2012年03月09日

悲しい事件

1か月近くブログを更新できなかったのは、忙しかったからという単純な理由からではない。引っ越しによる新しい生活の組み立て、新しい職場環境での慣れない作業、いろんな雑務によってこの場から遠ざかっていた。20分もあれば、更新できる日記調のこのブログでさえも、継続させるにはそれなりに意志の力が必要だ。

仕事に関する悩みは、次回のブログ更新に回すとして、今日久しぶりに更新しようと思ったのは、悲しいニュースを人づてに聞いたからだ。

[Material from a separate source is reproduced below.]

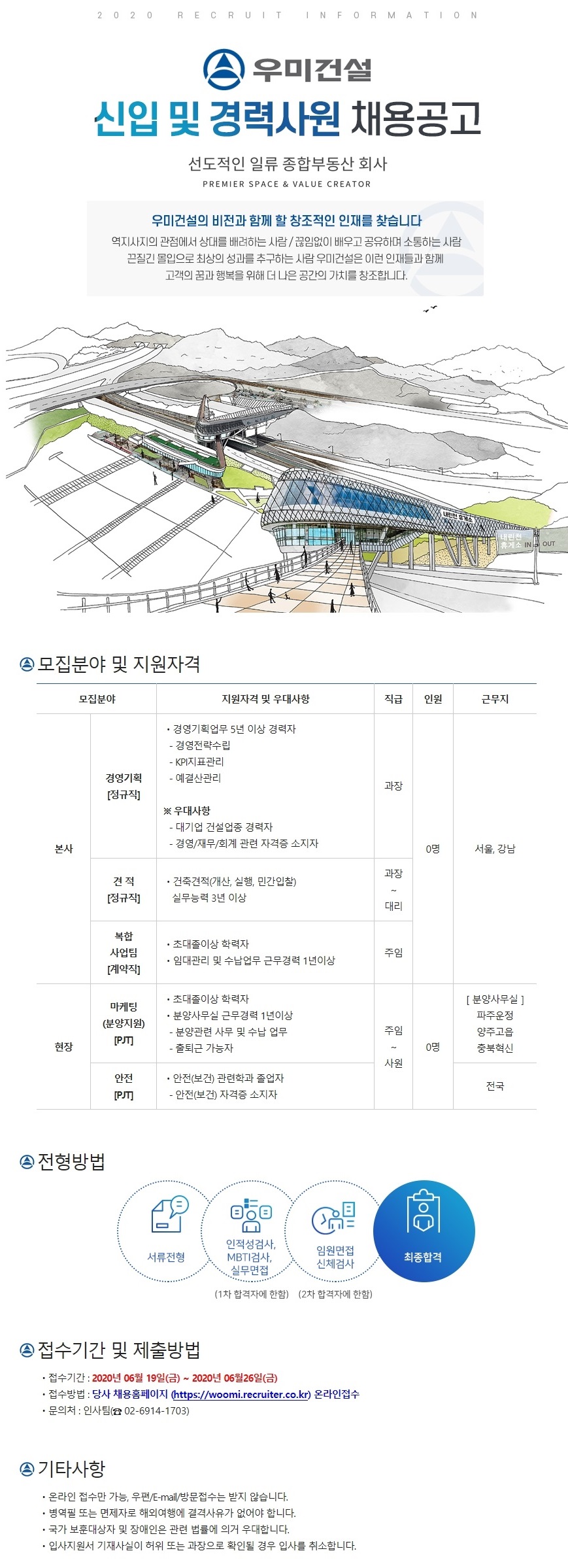 [우미건설] 부문별 경력 및 신입사원 채용 공고 ( 20.06.19 ~ 20.06.26 )

ここローマの前の勤務地、南ダルフール州の州都ニアラで、僕の昔の同僚が2日前に武力集団に誘拐されたということを知ったからだ。朝の通勤時、彼はドライバーと一緒に事務所へ向かう。2日前のその時に、2人ともさらわれた。しかし、現地人であるドライバーは、ニアラの街から1時間ほど車で走ったところ辺りで解放された。そして、イギリス人である彼は、武力集団のアジトと目されているジャブラマラという地域まで連れ去られ、行方が分からなくなってしまった。

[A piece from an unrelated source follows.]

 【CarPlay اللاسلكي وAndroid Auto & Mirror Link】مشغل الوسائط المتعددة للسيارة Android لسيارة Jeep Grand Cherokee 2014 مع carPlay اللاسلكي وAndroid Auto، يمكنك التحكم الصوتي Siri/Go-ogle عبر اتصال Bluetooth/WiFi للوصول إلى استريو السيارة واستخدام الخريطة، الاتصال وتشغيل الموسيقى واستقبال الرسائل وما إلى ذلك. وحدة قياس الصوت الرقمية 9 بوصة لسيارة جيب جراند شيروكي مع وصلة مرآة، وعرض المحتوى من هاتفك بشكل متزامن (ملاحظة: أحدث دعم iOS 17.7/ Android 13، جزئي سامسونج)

詳しく調べていないが、どうやら事件の後ろにはスーダンとイギリス政府との政治的いざこざがあったようなのだが、そんなことに彼はイギリス人だという事実以外は全く関与していない。

彼とは、1年近く仕事を一緒にした仲間だ。宿舎でも隣の部屋だったので、家族構成などのプライベートなこともよく話し合ったとても気の合う仲間だ。ここローマに転勤してきてからも、時々スカイプで連絡を取っていた。そんな彼が、誘拐されたと知って、半ば信じがたく、インターネットで調べたがそのニュースは、多少の間違いは含まれていても、名前や職業などは記されていて確認が取れた。

1年ほど前に僕のスタッフが誘拐された時には、1か月近くも拘留されていた。それでも、生きて帰って来られたので、なによりだが、今回も同様に無事であってほしい。家族は、彼のことを心配していることだろう。娘さんが2人いるのだが、家族のことを考えると、とても胸が痛む。

そして、今ニアラの事務所では、引き渡し交渉の対策本部が作られていることだろう。通常業務そっちのけで、忙しくしているに違いない。誘拐された彼本人、その周りにいる同僚たち、そして彼の家族、それぞれが今後どんどん疲弊していく。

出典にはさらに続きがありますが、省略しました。